"The spiritual life is not a theory - we have to live it. So we clean house . . . asking each morning in meditation that our Creator show us the way of patience, tolerance, kindliness, and love." P 83 BB.
I searched the Big Book for the word "love" and was astounded how rarely it's mentioned, and usually in non-personal connotations like "loved to drink."
Love: An intense feeling of deep affection. (Ed. Note: Weak! Weak! Weak definition! Miriam Webster can't even come up with a robust definition for love.)
To continue my amusement of my daily existential battle of Problem V Solution has led me this morning to the idea of what it means to love someone or something. In my tight-assed, buttoned-down, conservative, Lutheran, German upbringing I was led to believe that love was restricted to god, your family, and a significant other. I never understood that it was something much larger than that.
I tell the story of a man I was helping out in sincity (and by "helping out" I mean "he was helping me out") who ended a phone call one time with a "Love you, man." This stopped me in my tracks and frankly offended me a little bit. He continued to sign off this way, seemingly not offended by my tight-assed silence. Then one day he didn't say it and - guess what? - that offended me. You see how it is with me - you're screwed if you do and you're screwed if you don't. I can find a problem with everything.
I began to toss it out with some of best boyfriends and it felt good to do it and it was usually returned. I started, from time to time, to sneak up behind one of them as they were waiting for the meeting to start, and gave them a big kiss on the cheek. I haven't been decked yet. People that see it usually love it although I did hear one tight-assed guy say: "Well, that was weird."
It has been here in California, only a few years ago, after many years of sobriety, that it occurred to me that there were a handful of women that I loved, too. One morning before our meeting I was talking to a woman that I know fairly well. I don't find her that interesting and we have very little in common so our conversations are pretty chit-chatty but she has been important to my sobriety so I said: "You know - I do love you." She was so obviously tickled shitless about this that it made my day - it made my week.

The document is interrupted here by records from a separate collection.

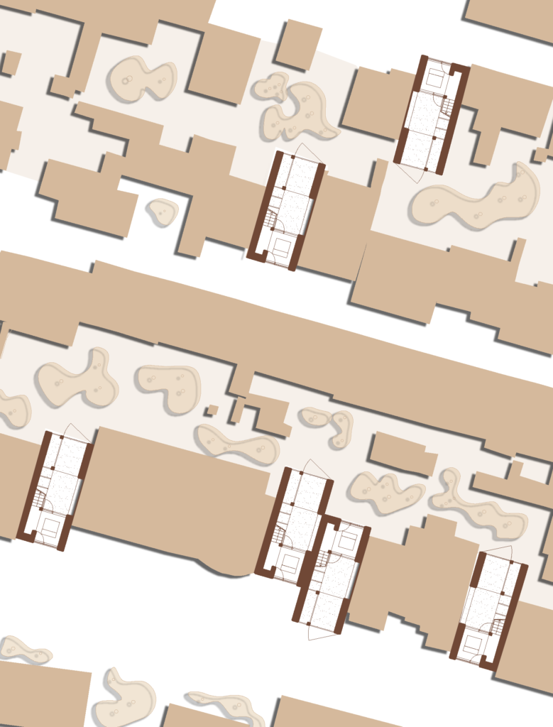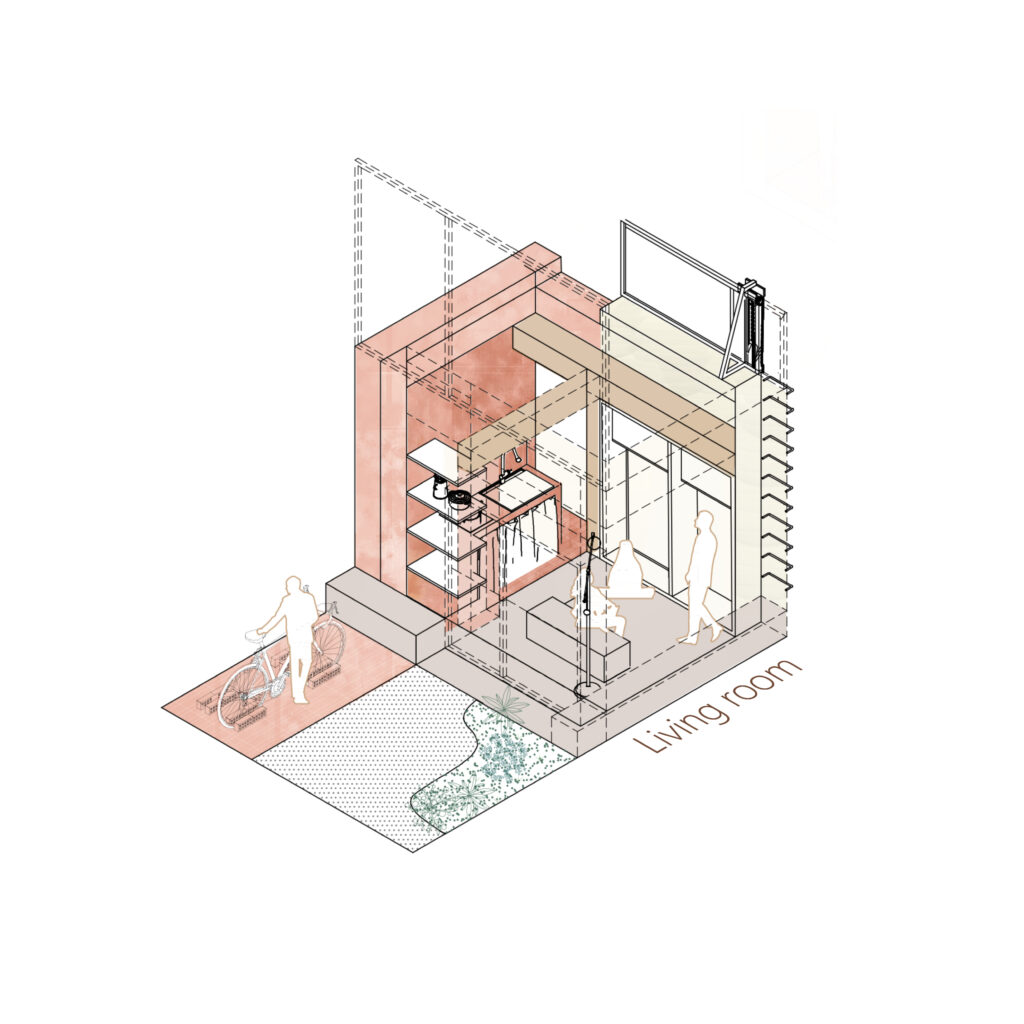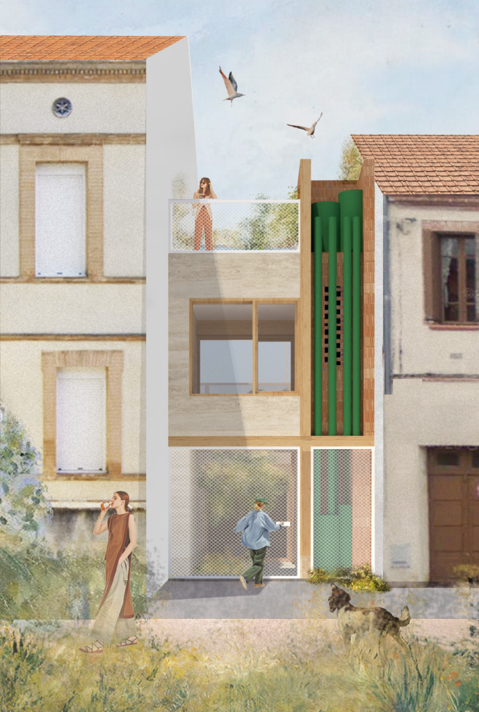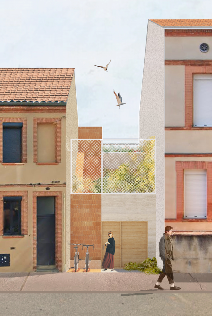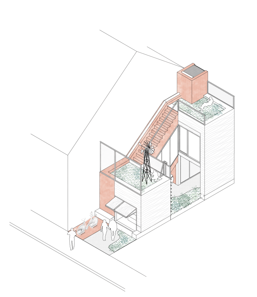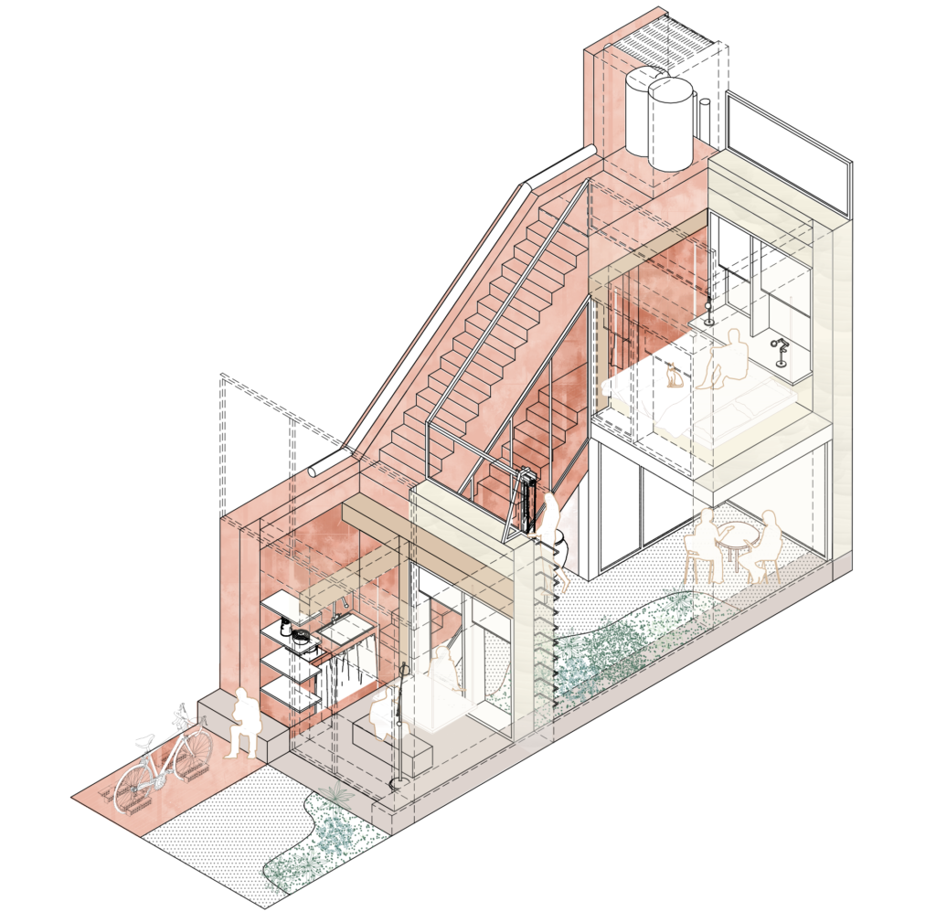 The project is designed to fill the gaps in existing city streets, finding solutions for urban densification within an existing framework and limiting urban sprawling. It encourages to think the city on, through and around the existing urban fabric, living off-grid in a city grid. The design allows the front garden to become an active threshold. It becomes part of the street and offers the possibility of opening the home to the neighbourhood in the summer days, without compromising the intimacy of its inhabitants.
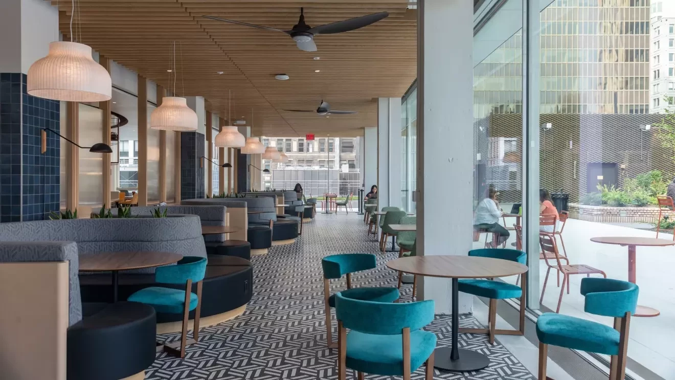 ここでは、スタッフは開放的で光あふれる環境でコーヒーや食事を楽しむことができます。また、同僚と昼食を共にしたり、気軽なミーティングを行うのにも最適です。
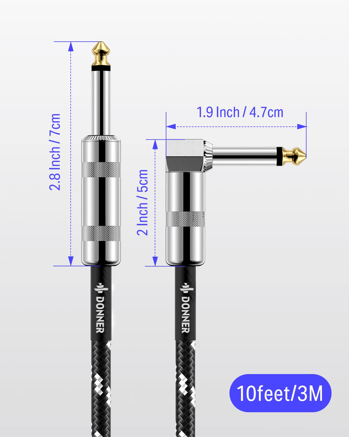 Q: How does the cable's length affect its performance?A: The Donner Guitar Cable is 10 feet long, which is optimal for medium runs like connecting a guitar to a pedal board or amplifier. Cables longer than 18.5 feet may experience signal loss; hence, the 10-foot length is designed to minimize any potential interference.
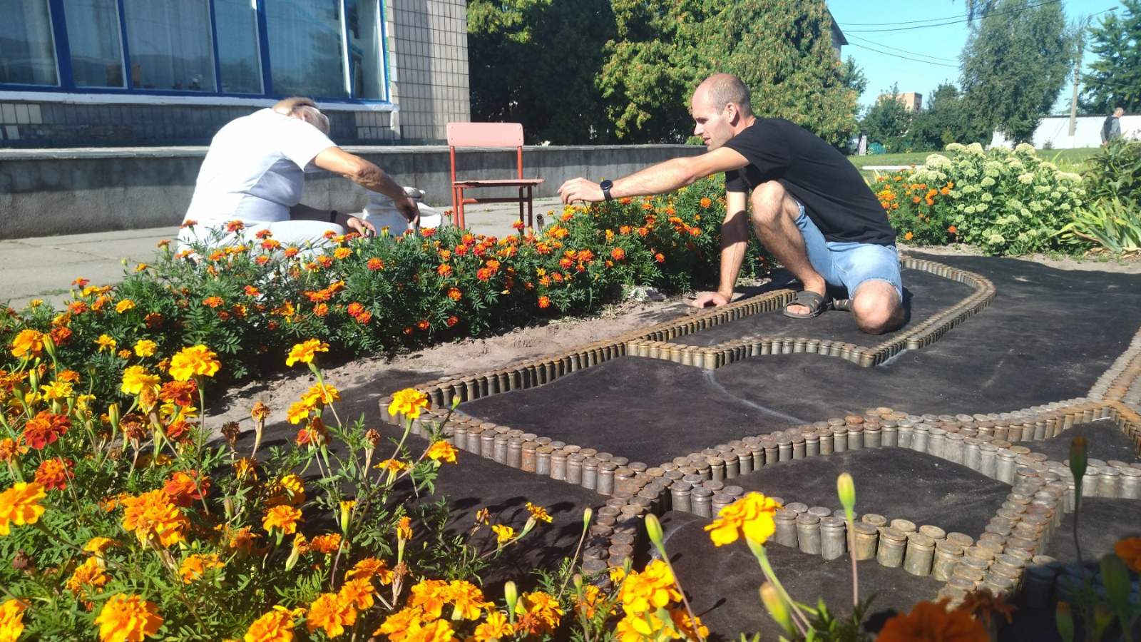 Ініціатором цієї патріотичної ідеї стала Зоя Тимченко, очільниця культури громади. Разом із чоловіком, Віктором Бутком, вони вирушили до прифронтової зони, щоб зібрати гільзи. Ескіз та малюнок композиції створила художниця Марина Панченко, донька Людмили Бащук. Підготовкою гільз до роботи та їхнім укладанням займався Дмитро Петрович разом з Анею Сабадахою. Голова громади, Марія Лях, надала необхідні матеріали, а Лідія Довгорук подбала про вишукане обрамлення з чорнобривців.
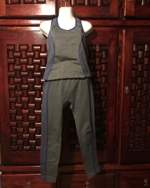 Conjunto deportivo. Conjunto deportivo en color gris con detalles en color morado , es unitalla pero le viene mejor a una talla S incluye playera de tirantes anchos y leggin ajusta muy padre al cuerpo
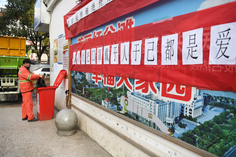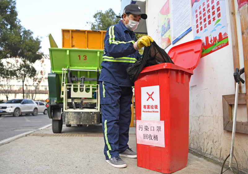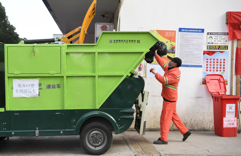1月31日,在南昌市红谷滩新区卫东花园小区,沙井街道综管办的环卫工人将废弃口罩装车。
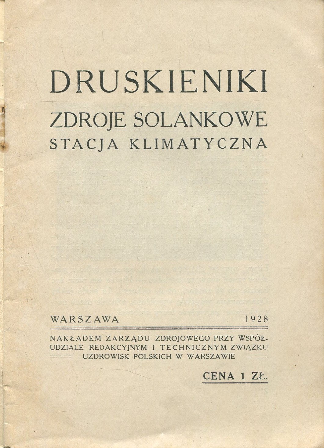Warszawa 1928. Nakładem Zarządu Zdrojowego przy współudziale redakcyjnym i technicznym Związku Uzdrowisk Polskich w Warszawie. 13,5x19 cm, str. 28, czarno-białe fotografie w tekście, okładka miękka. Stan dobry (przybrudzenia okładki).
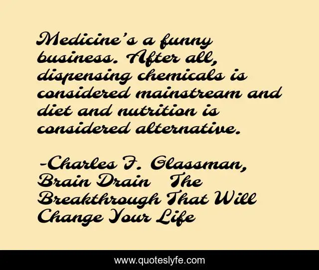 "Charles F. Glassman, Brain Drain The Breakthrough That Will Change Your Life Quotes." Quoteslyfe.com, 2025. Fri. 05 Dec. 2025. <https://www.quoteslyfe.com/quote/Medicine-s-a-funny-business-After-all-243224>.
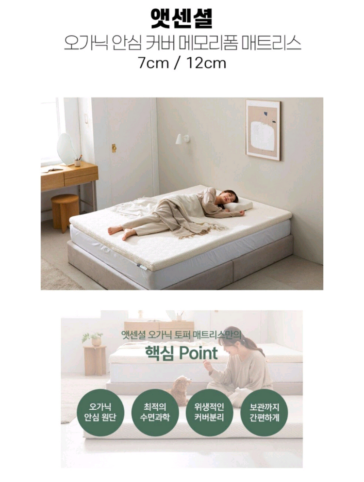 배송 박스에서만 꺼내놓고 배송받은 그대로 압축 밀봉 상태로 옷장속에 보관중인 새제품 입니다. 앳센셜 오가닉 안심 커버 메모리폼 매트리스 토퍼 슈퍼싱글 SS 사이즈이며 두께는 7cm 짜리입니다. - 오가닉 안심 원단을 사용하여 안심하고 사용할 수 있습니다 - 44KG/M2 밀도의 메모리폼으로 최적의 수면 환경을 제공합니다 - 위생적인 커버 분리가 가능하여 세탁이 용이합니다 - 압축 포장 기술로 간편하게 배송 및 보관이 가능합니다 - 구성품: 토퍼 매트리스 & 커버 & 결합벨트 & 보관백 & 방수커버

I'm careful with this word with my girlfriends. It has a ton of weight behind it and I need for everyone to understand that it comes from a special part of my heart. I don't want anyone to misunderstand. The idea of love can be used for selfish reasons. I get to hear women say it to me, too. Not a lot of them - this is not something I toss about willy-nilly.
I have come to believe that love is something with all kinds of different levels and intensities. I love people differently. My feelings can ebb and flow but love is love. There are guys that I have had words with but that I still love. It doesn't go away - it changes, it metamorphisizes, it migrates.
Don't tell anyone I'm talking like this. I have a big-city, east-coast, look-of-irritation, sarcastic reputation to uphold.